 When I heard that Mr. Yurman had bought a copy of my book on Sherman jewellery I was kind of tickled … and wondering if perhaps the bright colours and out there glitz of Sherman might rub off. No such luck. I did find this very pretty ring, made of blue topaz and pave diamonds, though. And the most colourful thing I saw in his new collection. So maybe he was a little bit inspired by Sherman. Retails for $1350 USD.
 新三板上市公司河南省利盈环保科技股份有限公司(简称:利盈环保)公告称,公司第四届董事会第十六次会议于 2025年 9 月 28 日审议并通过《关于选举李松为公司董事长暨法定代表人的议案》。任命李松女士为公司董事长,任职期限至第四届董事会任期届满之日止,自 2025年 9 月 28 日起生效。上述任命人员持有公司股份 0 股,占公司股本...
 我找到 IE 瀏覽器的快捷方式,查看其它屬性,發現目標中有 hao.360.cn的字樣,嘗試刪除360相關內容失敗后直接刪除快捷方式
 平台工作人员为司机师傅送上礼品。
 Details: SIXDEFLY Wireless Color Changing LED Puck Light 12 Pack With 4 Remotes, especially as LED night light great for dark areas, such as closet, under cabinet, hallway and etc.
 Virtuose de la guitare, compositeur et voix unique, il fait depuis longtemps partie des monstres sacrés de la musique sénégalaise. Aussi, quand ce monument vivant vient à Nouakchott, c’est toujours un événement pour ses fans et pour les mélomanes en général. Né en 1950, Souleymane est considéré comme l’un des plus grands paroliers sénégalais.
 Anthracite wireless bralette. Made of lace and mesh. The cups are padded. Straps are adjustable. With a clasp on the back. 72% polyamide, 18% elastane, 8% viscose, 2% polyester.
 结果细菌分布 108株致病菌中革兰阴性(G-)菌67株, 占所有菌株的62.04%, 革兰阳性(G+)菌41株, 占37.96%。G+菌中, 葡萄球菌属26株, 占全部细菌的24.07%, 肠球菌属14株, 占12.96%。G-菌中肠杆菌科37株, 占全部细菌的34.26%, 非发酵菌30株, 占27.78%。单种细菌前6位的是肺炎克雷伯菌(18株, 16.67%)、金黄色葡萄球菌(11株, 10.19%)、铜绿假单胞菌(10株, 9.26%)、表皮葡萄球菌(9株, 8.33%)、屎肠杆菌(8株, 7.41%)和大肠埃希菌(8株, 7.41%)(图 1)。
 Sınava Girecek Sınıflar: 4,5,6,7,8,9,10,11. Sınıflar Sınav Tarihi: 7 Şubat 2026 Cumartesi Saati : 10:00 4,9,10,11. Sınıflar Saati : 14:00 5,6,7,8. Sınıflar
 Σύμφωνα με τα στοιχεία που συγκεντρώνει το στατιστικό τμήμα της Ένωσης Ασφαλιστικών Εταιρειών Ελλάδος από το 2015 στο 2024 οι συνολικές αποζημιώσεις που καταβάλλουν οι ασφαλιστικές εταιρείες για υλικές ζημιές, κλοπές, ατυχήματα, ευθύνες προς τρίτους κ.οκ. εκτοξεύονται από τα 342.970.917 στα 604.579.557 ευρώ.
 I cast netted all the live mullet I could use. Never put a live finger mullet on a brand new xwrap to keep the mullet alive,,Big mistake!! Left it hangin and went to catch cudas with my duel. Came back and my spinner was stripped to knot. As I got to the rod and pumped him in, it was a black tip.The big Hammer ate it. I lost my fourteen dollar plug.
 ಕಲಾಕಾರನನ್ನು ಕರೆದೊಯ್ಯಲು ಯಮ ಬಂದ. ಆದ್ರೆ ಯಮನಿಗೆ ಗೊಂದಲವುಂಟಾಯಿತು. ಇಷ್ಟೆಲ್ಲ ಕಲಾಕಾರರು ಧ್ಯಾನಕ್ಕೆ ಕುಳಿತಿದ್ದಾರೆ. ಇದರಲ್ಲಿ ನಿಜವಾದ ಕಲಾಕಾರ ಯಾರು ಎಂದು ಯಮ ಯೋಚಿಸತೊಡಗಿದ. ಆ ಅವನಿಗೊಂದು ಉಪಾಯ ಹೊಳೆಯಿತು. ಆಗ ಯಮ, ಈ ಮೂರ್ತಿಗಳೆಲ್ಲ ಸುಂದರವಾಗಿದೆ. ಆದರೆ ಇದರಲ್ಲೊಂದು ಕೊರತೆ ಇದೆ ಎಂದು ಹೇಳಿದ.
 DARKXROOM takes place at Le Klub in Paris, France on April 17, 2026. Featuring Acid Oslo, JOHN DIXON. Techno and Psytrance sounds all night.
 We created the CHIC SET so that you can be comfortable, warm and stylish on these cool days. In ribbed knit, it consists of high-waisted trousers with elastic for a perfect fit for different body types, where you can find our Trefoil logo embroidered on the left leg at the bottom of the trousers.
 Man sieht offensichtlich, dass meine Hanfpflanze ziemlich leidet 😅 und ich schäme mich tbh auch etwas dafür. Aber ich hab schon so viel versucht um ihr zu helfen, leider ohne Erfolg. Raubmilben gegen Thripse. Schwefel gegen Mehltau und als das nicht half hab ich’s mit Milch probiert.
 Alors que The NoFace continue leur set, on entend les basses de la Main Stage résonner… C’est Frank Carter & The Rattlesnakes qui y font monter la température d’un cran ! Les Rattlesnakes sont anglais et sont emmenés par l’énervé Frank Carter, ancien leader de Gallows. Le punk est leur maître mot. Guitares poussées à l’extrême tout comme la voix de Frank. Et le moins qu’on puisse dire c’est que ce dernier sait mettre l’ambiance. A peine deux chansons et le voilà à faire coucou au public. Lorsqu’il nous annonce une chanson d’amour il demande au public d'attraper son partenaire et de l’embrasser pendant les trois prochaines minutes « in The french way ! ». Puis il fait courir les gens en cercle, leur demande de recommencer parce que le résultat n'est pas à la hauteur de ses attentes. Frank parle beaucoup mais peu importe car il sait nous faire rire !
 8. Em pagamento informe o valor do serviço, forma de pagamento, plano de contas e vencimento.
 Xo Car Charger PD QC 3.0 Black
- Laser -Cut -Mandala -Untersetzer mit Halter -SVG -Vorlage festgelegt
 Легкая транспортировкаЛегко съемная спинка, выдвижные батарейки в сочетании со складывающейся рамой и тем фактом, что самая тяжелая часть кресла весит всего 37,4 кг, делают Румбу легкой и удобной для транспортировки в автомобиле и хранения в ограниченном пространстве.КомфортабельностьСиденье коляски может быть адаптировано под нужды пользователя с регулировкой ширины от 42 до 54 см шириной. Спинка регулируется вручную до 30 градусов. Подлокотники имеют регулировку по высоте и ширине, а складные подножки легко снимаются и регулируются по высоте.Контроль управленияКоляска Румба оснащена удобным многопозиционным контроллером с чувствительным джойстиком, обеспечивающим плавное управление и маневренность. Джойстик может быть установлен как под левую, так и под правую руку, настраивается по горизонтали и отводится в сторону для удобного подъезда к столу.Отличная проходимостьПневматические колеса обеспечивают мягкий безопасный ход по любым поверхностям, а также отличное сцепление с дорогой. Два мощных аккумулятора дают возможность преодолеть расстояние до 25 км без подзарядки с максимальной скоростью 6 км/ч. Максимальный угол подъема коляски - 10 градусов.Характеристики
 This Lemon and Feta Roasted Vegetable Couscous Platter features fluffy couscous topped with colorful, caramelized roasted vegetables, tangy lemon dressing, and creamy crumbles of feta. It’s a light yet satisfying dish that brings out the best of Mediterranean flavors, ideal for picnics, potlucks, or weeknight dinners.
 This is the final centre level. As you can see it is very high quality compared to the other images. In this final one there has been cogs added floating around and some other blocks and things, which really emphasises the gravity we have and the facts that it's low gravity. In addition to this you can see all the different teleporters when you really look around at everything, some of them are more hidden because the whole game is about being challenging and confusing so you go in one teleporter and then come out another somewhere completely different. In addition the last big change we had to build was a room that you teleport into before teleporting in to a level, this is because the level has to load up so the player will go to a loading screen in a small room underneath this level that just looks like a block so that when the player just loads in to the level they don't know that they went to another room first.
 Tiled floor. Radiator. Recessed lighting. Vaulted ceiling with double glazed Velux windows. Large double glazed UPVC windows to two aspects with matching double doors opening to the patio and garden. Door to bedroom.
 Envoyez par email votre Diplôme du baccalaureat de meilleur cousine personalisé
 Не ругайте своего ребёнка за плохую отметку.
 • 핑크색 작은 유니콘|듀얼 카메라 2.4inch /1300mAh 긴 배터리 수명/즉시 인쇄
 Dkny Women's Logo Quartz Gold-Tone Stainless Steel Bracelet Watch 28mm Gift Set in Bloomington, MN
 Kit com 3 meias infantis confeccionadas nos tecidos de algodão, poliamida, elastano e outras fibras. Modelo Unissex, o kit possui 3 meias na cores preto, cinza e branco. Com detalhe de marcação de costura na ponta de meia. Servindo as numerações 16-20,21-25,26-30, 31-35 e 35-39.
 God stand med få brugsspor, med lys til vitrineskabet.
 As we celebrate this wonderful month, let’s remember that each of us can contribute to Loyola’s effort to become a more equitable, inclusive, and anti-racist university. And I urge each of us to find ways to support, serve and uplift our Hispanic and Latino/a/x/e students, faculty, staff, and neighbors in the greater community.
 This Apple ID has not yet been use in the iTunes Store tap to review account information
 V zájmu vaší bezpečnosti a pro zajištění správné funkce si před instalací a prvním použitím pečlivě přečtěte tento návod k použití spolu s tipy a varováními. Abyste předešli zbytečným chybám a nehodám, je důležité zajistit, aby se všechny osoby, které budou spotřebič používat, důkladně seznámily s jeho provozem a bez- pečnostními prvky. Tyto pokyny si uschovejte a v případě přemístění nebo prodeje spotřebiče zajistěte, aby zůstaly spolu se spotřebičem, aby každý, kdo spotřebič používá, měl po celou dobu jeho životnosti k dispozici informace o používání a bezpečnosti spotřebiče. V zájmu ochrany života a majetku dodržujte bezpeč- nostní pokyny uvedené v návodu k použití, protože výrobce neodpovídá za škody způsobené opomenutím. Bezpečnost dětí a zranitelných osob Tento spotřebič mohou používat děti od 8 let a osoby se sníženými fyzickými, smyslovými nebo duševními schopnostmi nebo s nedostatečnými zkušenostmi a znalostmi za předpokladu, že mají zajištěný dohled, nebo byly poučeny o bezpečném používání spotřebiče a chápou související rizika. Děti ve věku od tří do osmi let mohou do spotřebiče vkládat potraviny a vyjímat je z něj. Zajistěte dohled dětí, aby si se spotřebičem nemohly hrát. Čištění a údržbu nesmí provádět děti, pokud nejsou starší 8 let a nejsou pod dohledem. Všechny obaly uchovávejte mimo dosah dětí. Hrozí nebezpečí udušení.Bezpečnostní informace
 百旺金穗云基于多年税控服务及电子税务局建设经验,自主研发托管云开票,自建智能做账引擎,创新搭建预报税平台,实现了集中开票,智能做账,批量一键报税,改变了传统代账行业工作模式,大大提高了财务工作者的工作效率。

•••••

» **Exercise directions**
Take the lines above from the one containing "배터리 수명/즉시 인쇄" down to the one containing "This Apple ID", and transcribe them exactly, both ends included.

» **Response box**
 • 핑크색 작은 유니콘|듀얼 카메라 2.4inch /1300mAh 긴 배터리 수명/즉시 인쇄
 Dkny Women's Logo Quartz Gold-Tone Stainless Steel Bracelet Watch 28mm Gift Set in Bloomington, MN
 Kit com 3 meias infantis confeccionadas nos tecidos de algodão, poliamida, elastano e outras fibras. Modelo Unissex, o kit possui 3 meias na cores preto, cinza e branco. Com detalhe de marcação de costura na ponta de meia. Servindo as numerações 16-20,21-25,26-30, 31-35 e 35-39.
 God stand med få brugsspor, med lys til vitrineskabet.
 As we celebrate this wonderful month, let’s remember that each of us can contribute to Loyola’s effort to become a more equitable, inclusive, and anti-racist university. And I urge each of us to find ways to support, serve and uplift our Hispanic and Latino/a/x/e students, faculty, staff, and neighbors in the greater community.
 This Apple ID has not yet been use in the iTunes Store tap to review account information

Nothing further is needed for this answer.